Introduction
Alternatively known as anterior descending T-wave syndrome, Wellens' syndrome was first reported in 1982 by de Zwaan et al. in a subgroup of patients with unstable angina during a pain-free period [1]. Seven years later, the same authors performed another prospective study on patients with Wellens' syndrome and confirmed 100% association with a significant proximal left anterior descending artery (LAD) disease by cardiac coronary angiography. It describes a pattern of electrocardiographic changes, particularly deeply inverted or biphasic T-waves in leads V2-V3, which is highly specific for critical, proximal stenosis of the LAD. In clinical practice, stress testing might be performed due to the lack of typical ST segment elevation in Wellens’ syndrome to obtain more evidence of cardiac ischemia. However, increasing cardiac demand during stress testing may result in acute myocardial infarction, and even fatal dysrhythmia and death. Therefore, it is essential to consider the coronary angiogram as the initial diagnostic modality instead of other conservative examinations in patients with EKG patterns, indicating a possibility of Wellens’ syndrome.
Case presentation
A 77-year-old Chinese woman with a past medical history of hypertension presented to her primary care physician (PCP) for a week-long history of shortness of breath and exertional chest pain that radiated up to the base of her throat. She had tried unsuccessfully using aspirin and Chinese herbs to alleviate her pain. A comprehensive cardiovascular examination was unremarkable. An EKG obtained was documented as normal sinus rhythm with nonspecific T-wave changes. She was instructed to continue the aspirin and follow up with an echocardiogram stress test. Pretest echocardiogram prior to dobutamine stress echo done a month later revealed akinesis and aneurysmal deformity of the entire apical myocardium and akinesis of the mid-apical anteroseptal myocardium, thus aborting the stress test. A review of her medical records revealed that there were biphasic T-waves evident in anterior leads concerning Wellens' syndrome, which was overlooked by her PCP ( Figure 1).
Figure 1
Initial EKG with biphasic T-waves in V2 and V3
She was immediately transferred to the emergency department and admitted for emergent cardiac catheterization. Vitals were remarkable for a heart rate of 60 beats per minute. Labs were remarkable for troponin: 2.15 (Reference range: <=0.04 ng/mL). The EKG was notable for biphasic T-wave patterns in leads V1 - V4. She was loaded with full dose aspirin and underwent an emergent coronary angiogram, which confirmed severe stenosis of mid LAD (99%) (Figure 2) and left circumflex artery (Figure 3). Successful percutaneous transluminal coronary angioplasty with drug-eluting stents of the mid-LAD and mid-circumflex artery was performed (Figure 4).
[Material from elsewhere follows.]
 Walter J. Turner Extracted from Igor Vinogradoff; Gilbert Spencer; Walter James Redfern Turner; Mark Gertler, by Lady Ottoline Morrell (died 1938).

She was started on metoprolol, lisinopril, high-dose atorvastatin, and dual antiplatelet therapy with low-dose aspirin and clopidogrel. She was discharged home the next day with instructions to follow up with cardiology.
Figure 2
Coronary angiogram demonstrating critical occlusion of mid-LAD
LAD: left anterior descending artery
Figure 3
Coronary angiogram demonstrating occlusion of LCX
LCX: left circumflex artery
Figure 4
Coronary angiogram demonstrating complete revascularization of LAD and LCX after placement of drug-eluting stents
LAD: left anterior descending artery; LCX: left circumflex artery
Discussion
Wellens’ syndrome is described as an abnormal EKG pattern consisting of deep T-wave inversions in the anterior chest leads associated with critical, proximal stenosis of the LAD. It consists of a clinical, laboratory, and EKG criterion, which involves a prior history of angina, minimal or no elevation of cardiac enzymes, minimal or no elevation of ST segment (<1mm), no pathological precordial Q waves, preservation of precordial R-wave progression and finally biphasic T-waves or deeply inverted T-waves present in leads V2 and V3. Lastly, it is important to note that the EKG is performed in a pain-free state as in symptomatic patients T-wave abnormalities appear to normalize or progress to ST-segment elevation [1,2] . In 1982 and 1989, de Zwaan and his colleagues first described it in their two original studies. The characteristic EKG patterns of the syndrome were present in 26 out of 145 (18%), and in 180 out of 1,260 (14%) patients who were admitted for unstable angina in the first and second original study, respectively [3-5]. They also noted that 100% of these patients had LAD lesions, with subsequent development of extensive anterior wall acute myocardial infarctions within weeks for 75% of patients who did not receive coronary revascularization [3-5].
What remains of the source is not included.